Mardoqueo centra su atención en lo que tiene frente a sí.
Toma nota de todo cuanto transcurre a su alrededor. Escribe con fruición. Pasa de
una página a otra en su libreta con la agilidad de un atleta olímpico en una
carrera con vallas. Lo que no observa a la redonda, lo extrae de su memoria. El
baúl de sus recuerdos está repleto: la sala cuna, la cuadra del bloque, el liceo
del barrio y su primer (y único) año de universidad. Lo que no se encuentra retenido
entre los archivos de su pasado, lo infiere: comienza a reflexionar y sacar
conclusiones. La gente que pasa por su lado lo ve tan concentrado y alegre en
lo suyo que hasta siente envidia de él. ¿De qué escribe? ¿A quién le escribe?

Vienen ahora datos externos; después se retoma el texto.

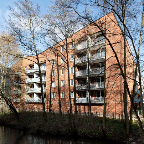 In besonderer Lage direkt am Kaufhauskanal des Harburger Binnenhafens bezieht der Entwurf sich auch formal auf die Typologie der benachbarten Klinkerspeicher sowie des unmittelbar angrenzenden denkmalgeschützten „Bornemannschen Haus“. Das Klinkermauerwerk der Fassaden bildet durch hervorspringende Eckpfeiler und so genannte Verblend-Lisenen speicherkopfartige Bereiche, in denen auch die Loggien zusammengefasst werden. Die insbesondere vom Kanal aus erlebbare Dachlandschaft schafft Anschluss an die Neubebauung der skulpturalen Wohn-Solitärgebäude, die durch den Bauherrn im ersten Bauabschnitt realisiert wurden.

Sólo toca especular. El lustrabotas, sentado a ras de suelo, lo tiene claro: “ese
hombre está enamorado”. El quiosquero, desde su minúscula ventana, lo observa y
piensa: “estará redactando su renuncia al trabajo”. La gitana de la esquina
cavila: “de seguro se le aclaró su futuro”. Y el perro negro que se rasca sus
pulgas con frecuencia da tres giros en torno a su eje para seguir durmiendo a
los pies de Mardoqueo. Pasada una hora de escritura (placentera, furiosa) se levanta de su asiento. Estira sus brazos al máximo como quien se
despereza por las mañanas. Con las palmas abiertas de sus manos se limpia el
trasero de lo que haya podido pegársele en esa banqueta callejera. Y con su
libreta bajo el brazo, echa a caminar con calma sin saber a dónde va. A su paso,
los transeúntes lo contemplan con reverencia. Piensan todos: he ahí un hombre
pleno, realizado, feliz.
Ruperto aprendió a leer en la cárcel. El primer libro que leyó completo fue un Nuevo Testamento. Se lo regalaron los gedeones que lo fueron a visitar cuando estaba convaleciente en el hospital penitenciario. Siendo el suyo un lenguaje limitado en palabras, de pronto se halló memorizando versos del evangelio según san Mateo, de las cartas de san Pablo y una que otra cita del Apocalipsis de san Juan. Recitaba sus versículos con la elegancia y el estilo propios de la versión Reina y Valera de 1960. Oírlo predicar era un deleite: mezclaba su jerga de choro porteño con las bienaventuranzas de Jesús de Nazaret. La congregación -compuesta de cogoteros, pederastas y sicarios arrepentidos- ha disfrutado cada domingo de sus homilías sagrado-profanas. “¡Escúshenme bien, giles culepos y sapos lengua’os!”, dice abriendo las Lamentaciones del profeta Jeremías. Y con voz tronante proclama: “¡Por la misericordia de Jehová no hemos sido consumidos, porque nunca decayeron sus misericordias! ¡Nuevas son ...
Reconfortante...
ResponderBorrarOh la simplicidad..
ResponderBorrarQue bueno!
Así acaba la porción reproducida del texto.